A. TITEL

Overeenkomst tussen de Regeringen van het Koninkrijk der Nederlanden, het Koninkrijk België en het Groothertogdom Luxemburg, enerzijds, en de Regering van Roemenië, anderzijds, betreffende de overname van onregelmatig binnengekomen of verblijvende personen; (met Aanhangsels)

Boekarest, 6 juni 1995

B. TEKST

De Nederlandse en Franse tekst van de Overeenkomst, met Aanhangsels, zijn geplaatst in Trb. 1995, 155.

De Nederlandse tekst van een notawisseling ter uitvoering van artikel 5 is geplaatst in rubriek J van Trb. 1995, 155.

D. PARLEMENT

Bij brieven van 15 november 1999 (Kamerstukken II 1999/2000 26 890, nr. 1) is de Overeenkomst, met Aanhangsels, in overeenstemming met artikel 2, eerste lid, en artikel 5, eerste lid, van de Rijkswet goedkeuring en bekendmaking verdragen overgelegd aan de Eerste en de Tweede Kamer der Staten-Generaal.

De toelichtende nota die de brieven vergezelde, is ondertekend door de Minister van Justitie A. H. KORTHALS en de Minister van Buitenlandse Zaken J. J. VAN AARTSEN.

In een brief gedateerd 15 december 1999 heeft de Voorzitter van de Tweede Kamer der Staten-Generaal aan de Minister van Buitenlandse Zaken medegedeeld dat 33 leden van de Kamer de wens te kennen hadden gegeven dat de Overeenkomst, met Aanhangsels, aan de uitdrukkelijke goedkeuring van de Staten-Generaal zou worden onderworpen (vergelijk Kamerstukken II 1999/2000, 26 890, nr. 2).

Artikel 1 van de Wet van 13 december 2000 (Stb. 2001, 52) luidt als volgt:

„Artikel 1

De op 6 juni 1995 te Boekarest tot stand gekomen Overeenkomst tussen de Regeringen van het Koninkrijk der Nederlanden, het Koninkrijk België en het Groothertogdom Luxemburg, enerzijds, en de Regering van Roemenië, anderzijds, betreffende de overname van onregelmatig binnengekomen of verblijvende personen, waarvan de Franse en Nederlandse tekst zijn geplaatst in Tractatenblad 1995, 155, wordt goedgekeurd voor Nederland.’’

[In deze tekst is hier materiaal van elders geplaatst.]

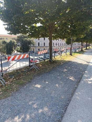 Forse hanno sbagliato lato: di fronte in effetti, dopo anni, stanno sistemando una recinzione che poteva cadere sui passanti.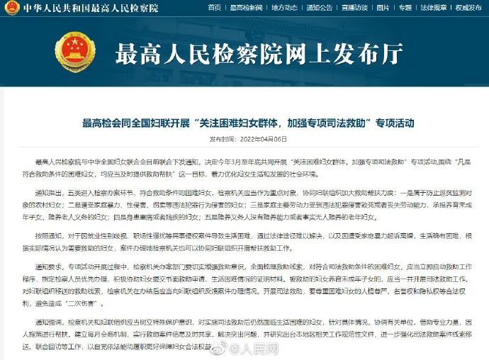 ●最高人民检察院与中华全国妇女联合会日前联合下发通知,决定今年3月至年底共同开展“关注困难妇女群体,加强专项司法救助”专项活动。加强对被拐卖妇女等困难妇女群体救助帮扶。

Deze Wet is gecontrasigneerd door de Minister van Justitie A. H. KORTHALS en de Minister van Buitenlandse Zaken J. J. VAN AARTSEN.

Voor de behandeling in de Staten-Generaal zie Kamerstukken II 1999/2000, 26 890; Hand. II 2000/2001 nr. 24, blz. 1871 en 1872; Kamerstukken I 1999/2000, 26 890 nr. 77 en 2000/2001 nr. 120; Hand. I 2000/2001, blz. 404.

E. PARTIJGEGEVENS

Zie Trb. 1995, 155.

PartijOnder-tekeningRatificatieType1)InwerkingOpzeggingBuitenwerking
België06-06-9529-04-03R01-10-06  
Luxemburg06-06-9503-08-06R01-10-06  
Nederlanden, het Koninkrijk der (voor Nederland)06-06-9529-05-01R01-10-06  
Roemenië06-06-9508-11-95R01-10-06  

1) O=Ondertekening zonder voorbehoud of vereiste van ratificatie, R= Bekrachtiging, aanvaarding, goedkeuring of kennisgeving, T=Toetreding, VG=Voortgezette gebondenheid, NB=Niet bekend

G. INWERKINGTREDING

De bepalingen van de Overeenkomst, met Aanhangsels, zijn ingevolge artikel 7 op 1 oktober 2006 in werking getreden.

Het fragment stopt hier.